Here the data pairs $\{x_i, y_i\}$ are viewed as points in a $(p+1)$-dimensional Euclidean space. The function $f(x)$ has domain $\mathbb{R}^p$, and is related to the data via a model such as $y_i=f(x_i)+\epsilon$.

Goal: to obtain a useful approximation to $f(x)$ for all $x$  in some region of $\mathbb{R}^p$, given the representations in $\mathcal{T}$.

### Basis expansions

Many of the approximations we will encounter have associated a set of parameters $\theta$ that can be modified to suit the data at hand. e.g., the linear model $f(x) = x^T\beta$ has $\theta=\beta$. Another class of useful approximators can be expressed as *linear basis expansions*
\begin{equation}
f_\theta(x) = \sum_{k=1}^K h_k(x)\theta_k,
\end{equation}
where the $h_k$ are a suitable set of functions or transformations of the input vector $x$. Traditional examples are polynomial and trigonometric expansions, where for example $h_k$ might be $x_1^2$, $x_1x_2^2$, $\text{cos}(x_1)$ and so on. We also encounter nonlinear expansions, such as the sigmoid transformation common to neural network models,
\begin{equation}
h_k(x) = \frac{1}{1+\text{exp}(-x^T\beta_k)}.
\end{equation}

### Least squares again
We can use least squares to estimate the parameters $\theta$ in $f_\theta$ as we did for the linear model, by minimizing the residual sum-of-squares
\begin{equation}
\text{RSS}(\theta) = \sum_{i=1}^N\left(y_i-f_\theta(x_i)\right)^2
\end{equation}
as a function of $\theta$.

While least squares is generally very convenient, it is not the only criterion used and in some cases would not make much sense. A more general principle for estimation is *maximum likelihood estimation*.

### Maximum-likelihood

> The principle of maximum likelihood assumes that tthe most reasonable values for $\theta$ are those for which the probability of the observed sample is largest.

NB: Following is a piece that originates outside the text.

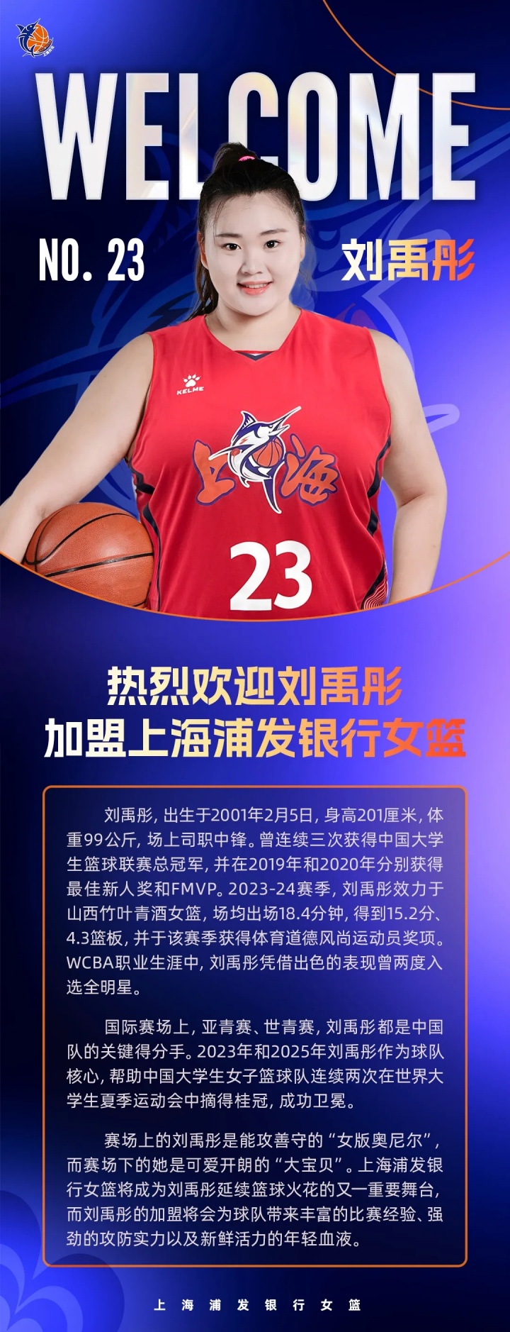 官方:“大宝贝”刘禹彤加盟上海浦发银行女篮

Suppose we have a random sample $y_i, i=1,\cdots,N$ from a density $\text{Pr}_\theta(y)$ indexed by some parameters $\theta$. The log-probability of the observed sample is
\begin{equation}
L(\theta) = \sum_{i=1}^N\log\text{Pr}_\theta(y_i),
\end{equation}
and the maximum-likelihood estimate of $\theta$ is
\begin{equation}
\hat{\theta}_{\text{ML}} = \arg\min_\theta L(\theta)
\end{equation}

### ML = LS with Gaussian errors

Assuming the error term $\epsilon\sim N(0,\sigma^2)$, least squares is equivalent to maximum likelihood using the conditional likelihood
\begin{equation}
\text{Pr}(Y|X,\theta) = N(f_\theta(X), \sigma^2),
\end{equation}
Since the log-likelihood of the data is
\begin{equation}
L(\theta) = -\frac{N}{2}\log(2\pi) - N\log\sigma -\frac{1}{2\sigma^2}\sum_{i=1}^N\left(y_i-f_\theta(x_i)\right)^2,
\end{equation}
and the only term involving $\theta$ is the last, which is $\text{RSS}(\theta)$ up to a scalar negative multiplier.

### Multinomial likelihood for a qualitative output $G$

Suppose we have a model

\begin{equation}
\text{Pr}(G=\mathcal{G}_k|X=x) = p_{k,\theta}(x), k=1,\cdots,K
\end{equation}
for the conditional density of each class given $X$, indexed by the parameter vector $\theta$. Then the log-likelihood (also referred to as the corss-entropy) is
\begin{equation}
L(\theta) = \sum_{i=1}^N\log p_{g_i,\theta}(x_i),
\end{equation}
and when maximized it delivers values of $\theta$ that best conform with the data in the likelihood sense.